# [PROBLEM DETAILS]
Skip the pictures. Output only the lines below starting at the line with "나무위키에 따르면 항공" and ending at the line with "调研组一行先后参观金峰社区红", both ends included, exactly as they are.

# [THE RECORDS]
>>>

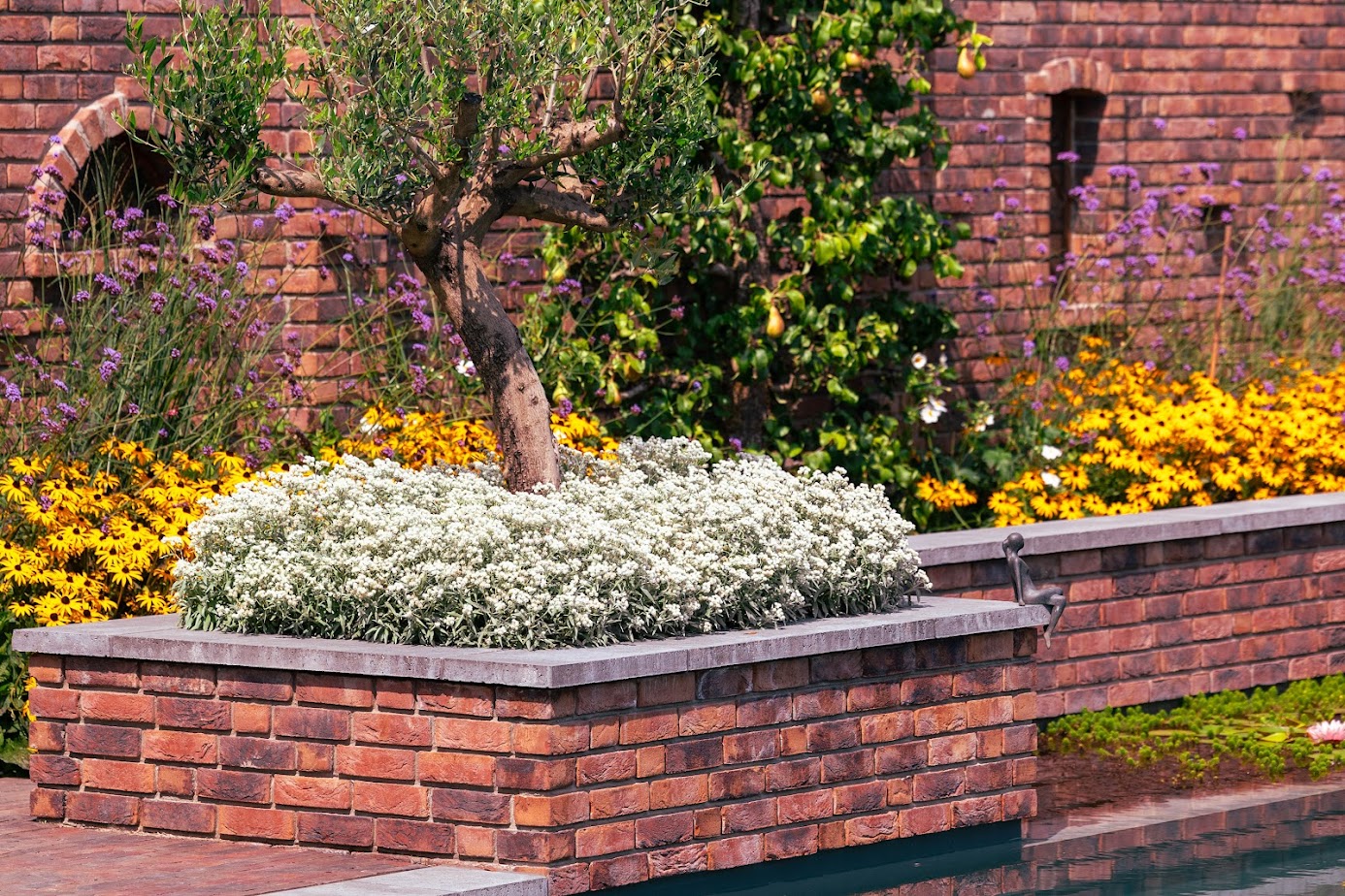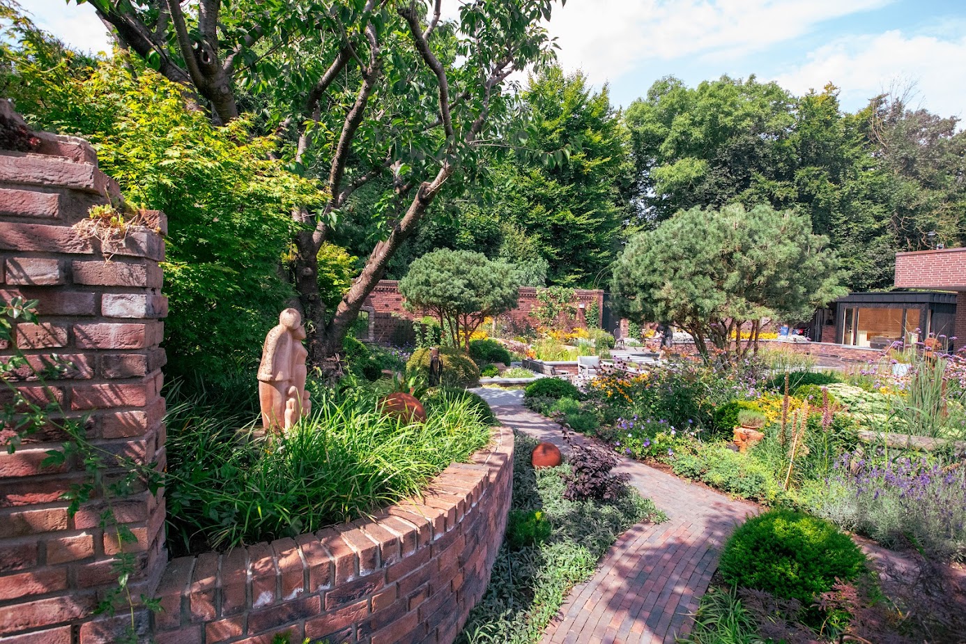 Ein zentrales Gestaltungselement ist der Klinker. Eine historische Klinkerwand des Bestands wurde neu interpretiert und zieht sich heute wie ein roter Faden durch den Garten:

<<<
>>>

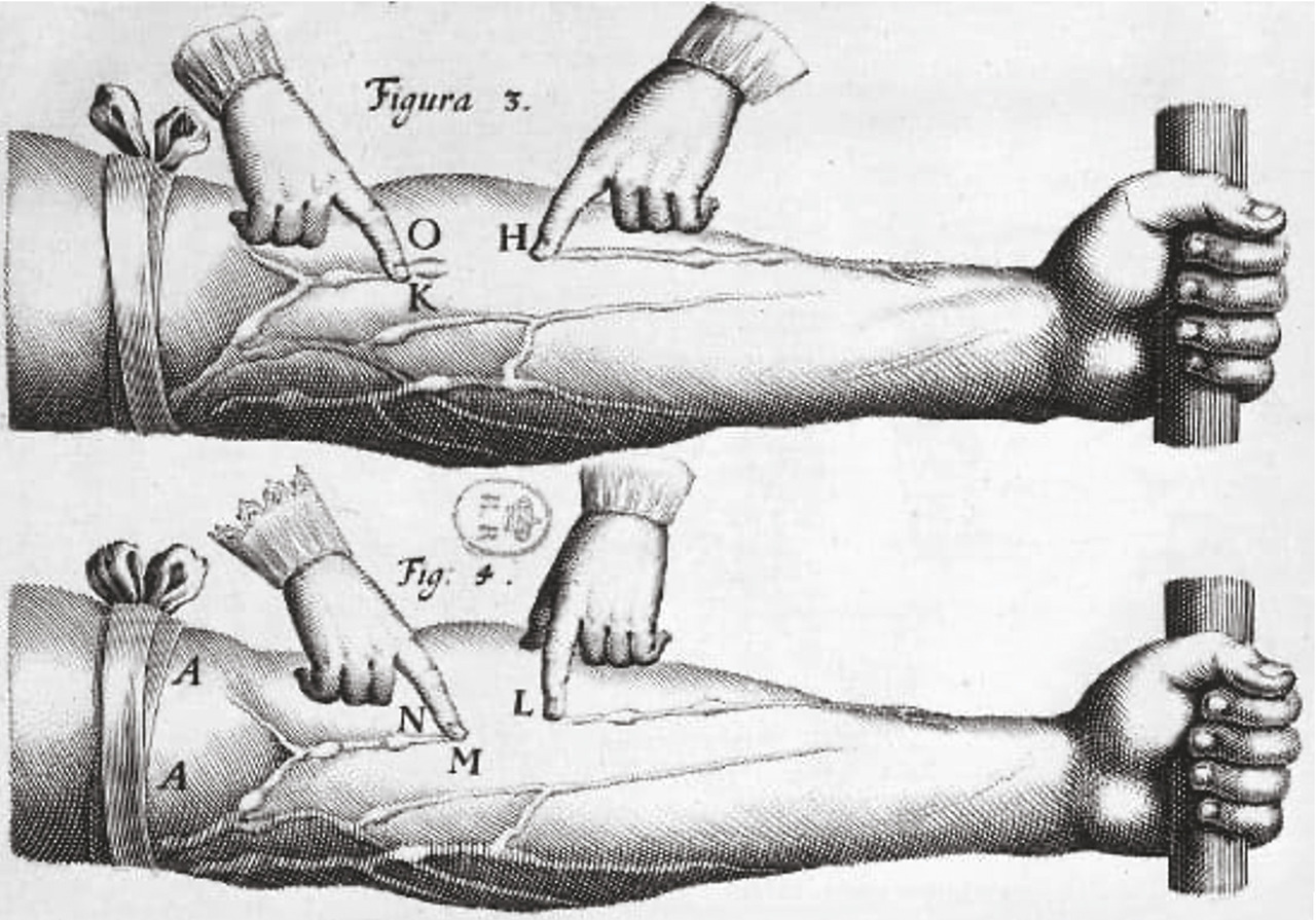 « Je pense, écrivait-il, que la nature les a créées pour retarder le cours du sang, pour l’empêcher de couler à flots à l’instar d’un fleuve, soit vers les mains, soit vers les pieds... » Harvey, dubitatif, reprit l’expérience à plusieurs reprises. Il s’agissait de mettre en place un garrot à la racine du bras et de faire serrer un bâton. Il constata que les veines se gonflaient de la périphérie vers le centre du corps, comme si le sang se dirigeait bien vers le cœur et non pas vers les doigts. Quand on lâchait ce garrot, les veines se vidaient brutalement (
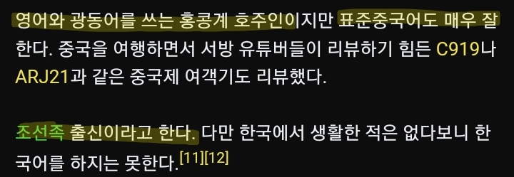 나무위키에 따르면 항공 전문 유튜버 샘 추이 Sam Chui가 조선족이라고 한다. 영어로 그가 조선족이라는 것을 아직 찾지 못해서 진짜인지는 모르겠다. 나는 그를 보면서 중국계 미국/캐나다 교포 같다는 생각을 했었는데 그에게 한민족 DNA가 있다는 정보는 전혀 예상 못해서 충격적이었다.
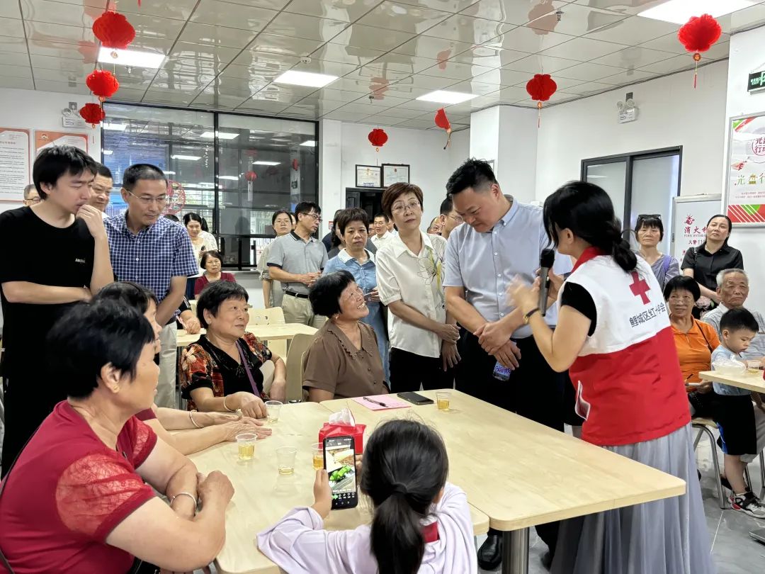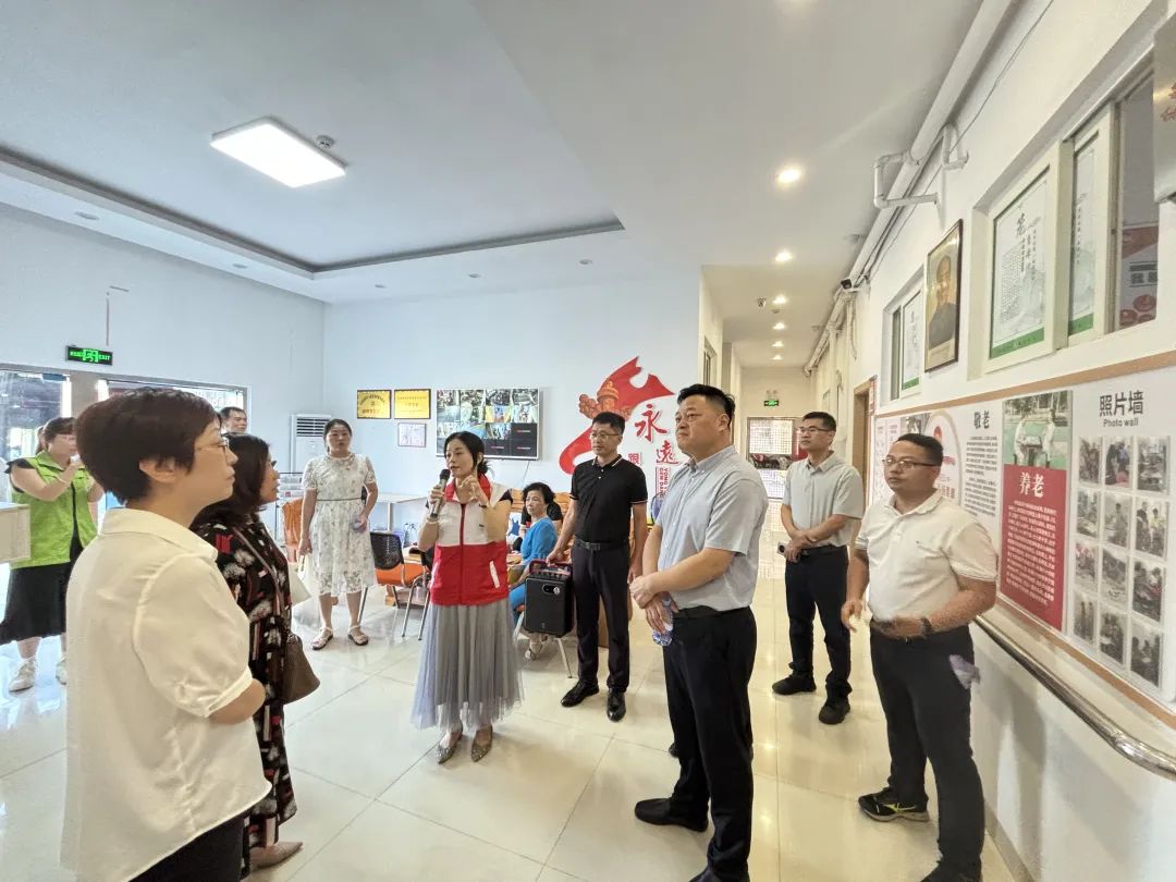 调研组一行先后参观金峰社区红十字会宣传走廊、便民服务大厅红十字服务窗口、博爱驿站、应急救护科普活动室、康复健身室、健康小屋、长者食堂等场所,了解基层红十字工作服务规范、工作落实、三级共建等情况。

<<<
>>>

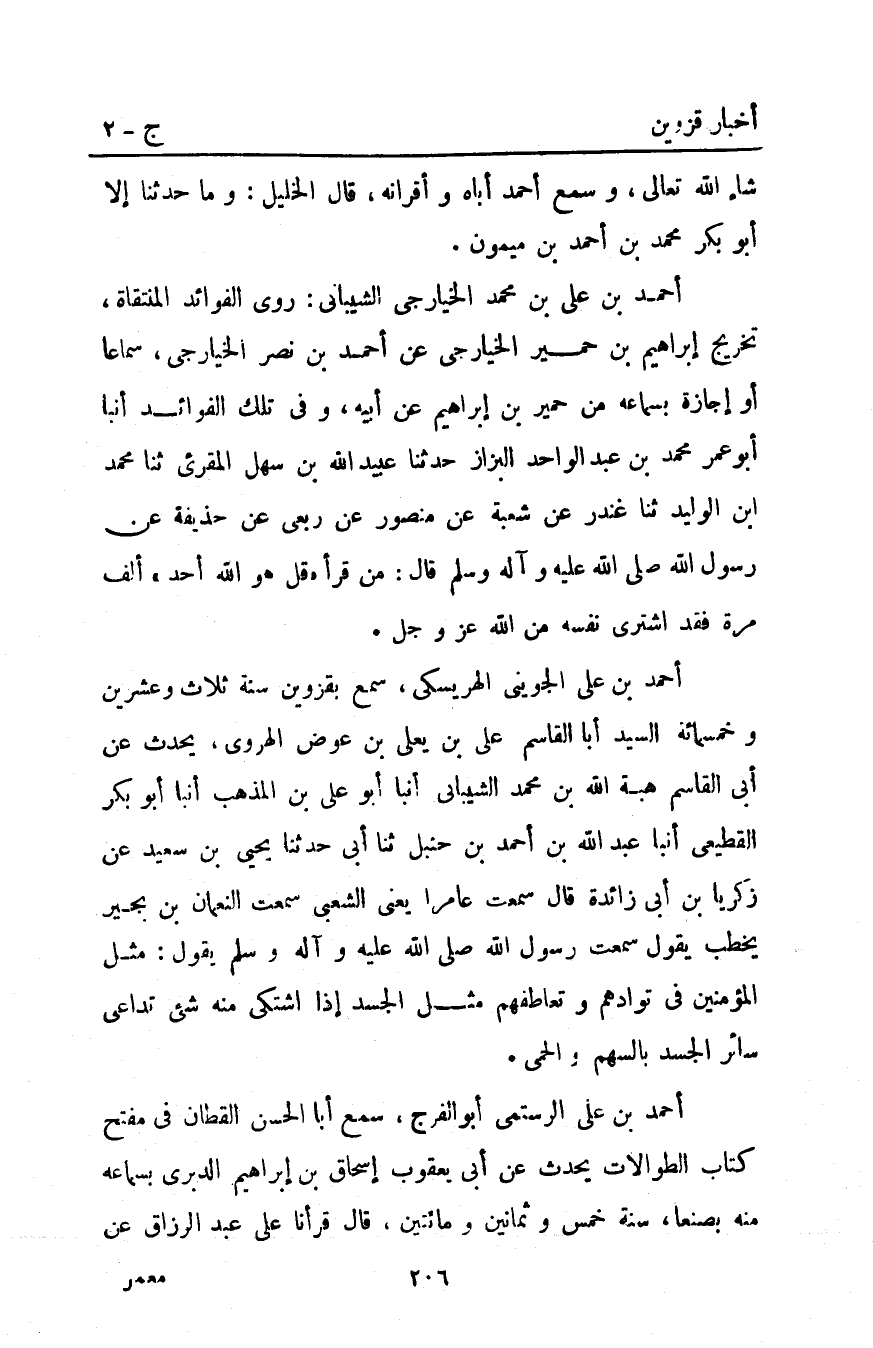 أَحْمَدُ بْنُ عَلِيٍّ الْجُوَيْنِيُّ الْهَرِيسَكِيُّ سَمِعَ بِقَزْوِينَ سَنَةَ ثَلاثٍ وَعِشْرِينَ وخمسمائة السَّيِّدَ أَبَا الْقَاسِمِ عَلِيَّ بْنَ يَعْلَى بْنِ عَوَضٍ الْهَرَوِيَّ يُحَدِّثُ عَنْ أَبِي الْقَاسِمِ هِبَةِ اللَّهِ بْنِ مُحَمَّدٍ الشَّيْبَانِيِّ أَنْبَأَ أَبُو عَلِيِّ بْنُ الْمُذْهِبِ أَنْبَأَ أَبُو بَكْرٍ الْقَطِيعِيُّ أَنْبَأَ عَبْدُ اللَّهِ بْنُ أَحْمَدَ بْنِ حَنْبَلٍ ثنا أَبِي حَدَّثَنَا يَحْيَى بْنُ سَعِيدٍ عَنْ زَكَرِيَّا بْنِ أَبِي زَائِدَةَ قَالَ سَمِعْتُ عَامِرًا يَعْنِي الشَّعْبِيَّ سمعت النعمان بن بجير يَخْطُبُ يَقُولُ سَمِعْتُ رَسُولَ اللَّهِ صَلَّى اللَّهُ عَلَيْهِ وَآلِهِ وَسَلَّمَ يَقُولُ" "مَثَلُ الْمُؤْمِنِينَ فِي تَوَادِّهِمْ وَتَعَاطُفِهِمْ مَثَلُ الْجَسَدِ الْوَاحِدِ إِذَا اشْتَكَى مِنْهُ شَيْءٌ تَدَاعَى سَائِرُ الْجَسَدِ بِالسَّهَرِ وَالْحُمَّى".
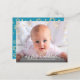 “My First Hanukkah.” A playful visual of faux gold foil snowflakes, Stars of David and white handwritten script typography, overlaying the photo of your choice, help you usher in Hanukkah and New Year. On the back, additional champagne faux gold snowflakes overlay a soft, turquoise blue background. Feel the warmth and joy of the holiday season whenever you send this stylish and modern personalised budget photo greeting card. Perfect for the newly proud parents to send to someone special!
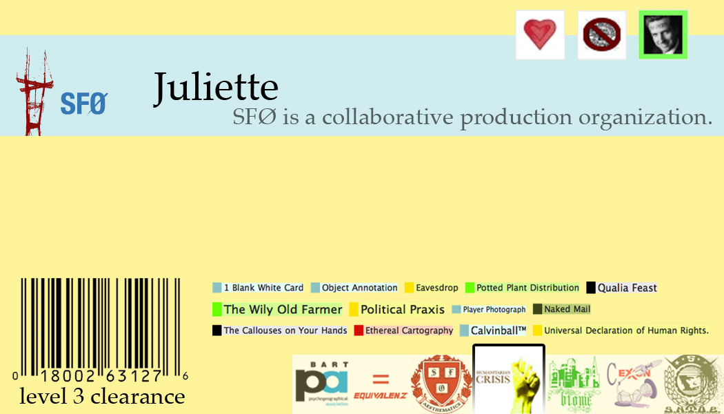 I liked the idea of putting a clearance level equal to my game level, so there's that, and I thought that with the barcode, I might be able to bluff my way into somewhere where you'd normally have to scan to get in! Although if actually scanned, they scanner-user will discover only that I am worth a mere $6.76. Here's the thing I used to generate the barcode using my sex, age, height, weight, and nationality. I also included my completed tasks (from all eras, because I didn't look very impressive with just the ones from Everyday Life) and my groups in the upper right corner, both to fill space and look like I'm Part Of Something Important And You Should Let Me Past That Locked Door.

<<<

# [TASK OUTPUT]
 나무위키에 따르면 항공 전문 유튜버 샘 추이 Sam Chui가 조선족이라고 한다. 영어로 그가 조선족이라는 것을 아직 찾지 못해서 진짜인지는 모르겠다. 나는 그를 보면서 중국계 미국/캐나다 교포 같다는 생각을 했었는데 그에게 한민족 DNA가 있다는 정보는 전혀 예상 못해서 충격적이었다.
 调研组一行先后参观金峰社区红十字会宣传走廊、便民服务大厅红十字服务窗口、博爱驿站、应急救护科普活动室、康复健身室、健康小屋、长者食堂等场所,了解基层红十字工作服务规范、工作落实、三级共建等情况。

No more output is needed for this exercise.